Verweigerung!

  • Katja Baumgarten: „Wie unerschrocken und kraftvoll muss eine Frau sein, wenn sie sich vertrauensvoll in die Zukunft mit ihrem neugeborenen Kind aufmacht?“

  • Der Selbsthilfeverein Licht & Schatten schätzt, dass hierzulande jährlich für etwa 100.000 Frauen ihre Mutterschaft mit einer seelischen Krise beginnt – genau in der sensiblen Zeit, die für die Eltern-Kind-Bindung so wichtig ist. Sich diesen enormen Anteil belasteter Familien bewusst zu machen, ist schwer zu ertragen – auch heute noch ein Tabu. Was drückt sich aus in dieser Erkrankung der Seele? Wie oft mag dieses familiäre Drama ganz in unserer Nähe ohne Hilfe in den eigenen vier Wänden im Stillen gefangen bleiben? Ist eine peripartale Depression nur als ein individuelles Problem, als hormonelle Entgleisung, als lebensgeschichtliche Schwäche zu deuten?

    Wenn fast ein Sechstel aller Mütter mit verletzter Seele aus ihrer Schwangerschaft und Geburt hervorgehen, sinniert man über Zusammenhänge. Diese Mütter funktionieren nicht erwartungsgemäß – ihr Unvermögen, die Rolle als liebende, fürsorgliche Mutter zu erfüllen, ist eine innere Verweigerung, wenn auch nicht bewusst und freiwillig. Sie sind der Sand im Getriebe in der Keimzelle der Gesellschaft, sie bedienen nicht unser Bild vom Familienglück. Ihr Leid ist eine stille Demonstration, die gehört und ernst genommen werden muss.

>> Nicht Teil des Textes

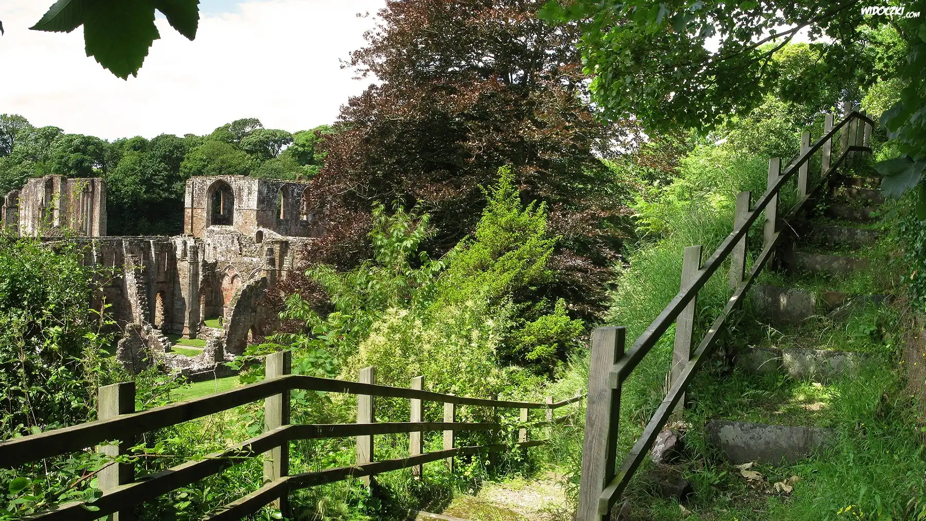 Zdjęcia, Las, Ruiny, Drzewa, Schody, Płot, Ogrodzenie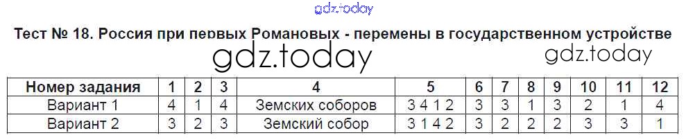 На страницах сайта gdz.today вы найдете учебный и вспомогательный материал, направленный на улучшения знаний школьной программы. ГДЗ - онлайн мир знаний Часть 2. Решение к тестам 18 Тестам по Истории России для 7 класса Воробьёва Экзамен УМК 2017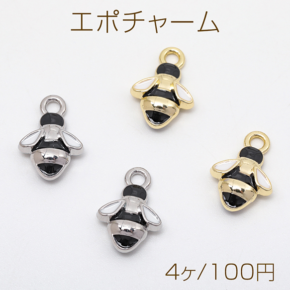 エポチャーム 蜂 ハチ みつばち 立体 いきもの メタルチャーム 約10×14mm(4ヶ)
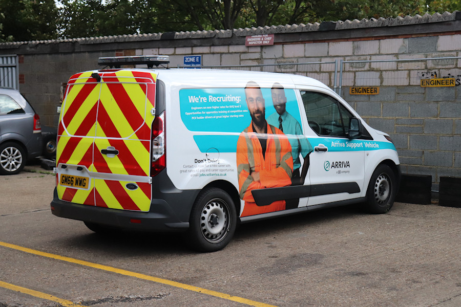 | Details: Arriva Southern Counties took delivery of a batch of Ford Transit Connect vans in spring 2017, five of which were allocated to garages in the area covered by LTSV. I haven't seen photos of all of them yet but it looks like they might all carry this white-based livery with recruitment advertising images. These present a slight problem for LTSV in deciding how to catalogue the livery. I initially put them as White (or the useful but slightly vague 'White+') but I think White/Blue would be more accurate. GM66WWG is allocated fleetnumber V074 (not carried) and is allocated to Harlow Garage, where it was photographed on 9th September 2018. By the way, in case you are confused, the LTSV 'area' is the same as that used by LOTS, ie the traditional (1933-1970) LT area. Of course the 'green' parts, which were LGCS, became LCBS, then LCNE et al before coming under various names. Most are now re-united as part of the large Arriva SC empire. Hope that helps! | ||||

    Was mag diese Frauen daran hindern, zuversichtlich in die Mutterschaft zu starten? Durch den an Defiziten orientierten Blick in der Schwangerenvorsorge werden immer mehr Frauen systematisch ihr Selbstvertrauen und ihre Eigenkompetenz als Mutter abtrainiert. Viele erleben ihre Geburten mit zahlreichen Interventionen ohnmächtig und behalten sie als persönliches Versagen in Erinnerung. Auch die unzähligen Trennungsgeschichten im Umfeld – selten wird die Elternschaft anschließend wirklich reibungslos geteilt, ohne dass die Mutter auf dem Löwenanteil der Verantwortung sitzen bleibt. Wie unerschrocken und kraftvoll muss eine Frau sein, wenn sie sich ohne Brüche vertrauensvoll in die Zukunft mit ihrem neugeborenen Kind aufmacht? Auch nach über 100 Jahren Frauenbewegung und über 60 Jahre nach der Veröffentlichung von Simone de Beauvoirs Werk „Das andere Geschlecht" ist die Frage der Mutterschaft gesellschaftlich noch nicht zufriedenstellend gelöst: Die Vereinbarkeit von Beruf und Mutterschaft liegt ebenso im Argen wie die selbstverständliche und unterdessen fast langweilige Forderung nach gleicher Bezahlung und Chancengleichheit von Frauen und Männern. Spätestens wenn die Frau zur Mutter wird, spürt sie die Falle, in die sie durch ihre Biologie geraten kann, wenn sie plötzlich selbst schutzbedürftig und abhängig wird, im Moment wo sie ihrem Kind ihren Körper schenkt und ihre Seele öffnet. Mit der Entscheidung zum Kind werden ihre eigenen Entscheidungen von nun an auf längere Sicht hin nicht mehr frei sein. Wen wundert‘s, wenn der Übergang nicht für jede Frau ohne schwere Krise zu meistern ist.